The Alliance to Save Energy, the Edison Electric Institute, Duke Energy Corp. and a dozen other organizations launched the Building Energy Efficient Codes Network in Washington, D.C., today. The coalition is urging Congress to pass legislation that would require residential and commercial buildings to be 30 percent more energy-efficient than baseline code in 2010 and 50 percent more efficient by the middle of the next decade -- with the ultimate goal of zeroing out buildings' net energy use by 2030.
"If we build a home today, we're contributing to the energy future 80 years from now, when it will still be around," said Bill Fay, the coalition's executive director. "We have a choice today how efficient that home will be."
The coalition's efficiency targets are similar to those in the climate bill the House passed last week.
H.R. 2454, sponsored by Reps. Henry Waxman (D-Calif.) and Edward Markey (D-Mass.), would require residential and commercial buildings to be 30 percent more efficient than the 2006 International Energy Conservation Code.
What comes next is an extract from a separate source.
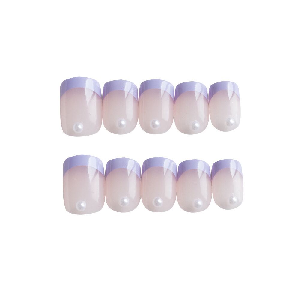 芋泥紫半法式珍珠穿戴甲成品假指甲美甲贴片指甲贴片防水地摊货源 수량
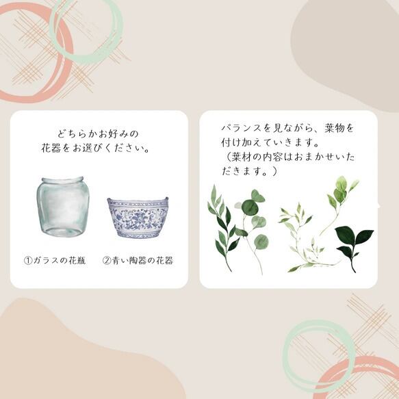 水彩のお花と、花器もお選びいただけるようにデザインいたしました。

The efficiency target ramps up to 50 percent for residential and commercial buildings by 2014 and 2015, respectively. The efficiency target would increase 5 percent every three years through 2030.
The National Association of Home Builders criticized the Waxman-Markey bill's targets as "too far, too fast" and proposed a 30 percent increase in residential energy efficiency by 2012.
"The market is not geared up to supply the necessary materials and equipment, and that's going to drive up costs," NAHB Chairman Joe Robson said in a statement after the bill's passage. "The result will be fewer working-class families in these new energy-efficient homes."
There is an important caveat in the legislation, however. If concensus-based codes provide for greater energy reductions than the national code does, the overall percentage reduction of energy use would become the national code's target.
Fay said his coalition supports the provision.
"We think having national targets will spur code bodies, states and municipalities to act," he added. "The federal backstop is a last resort."
The coalition's launch comes as the International Code Council begins developing a "green" construction code for commercial buildings. The code, which could be ready for adoption by states and municipalities by the end of 2011, would include benchmarks for indoor air quality and energy and water efficiency, ICC CEO Richard Weiland said in an interview yesterday (E&ENews PM, June 29).
He said the code would be compatible with the American Institute of Architects' goal of zeroing out the carbon dioxide emissions of new or remodeled buildings by 2030.
Today, buildings account for about 40 percent of U.S. energy consumption and greenhouse gas emissions, according to Energy Department data.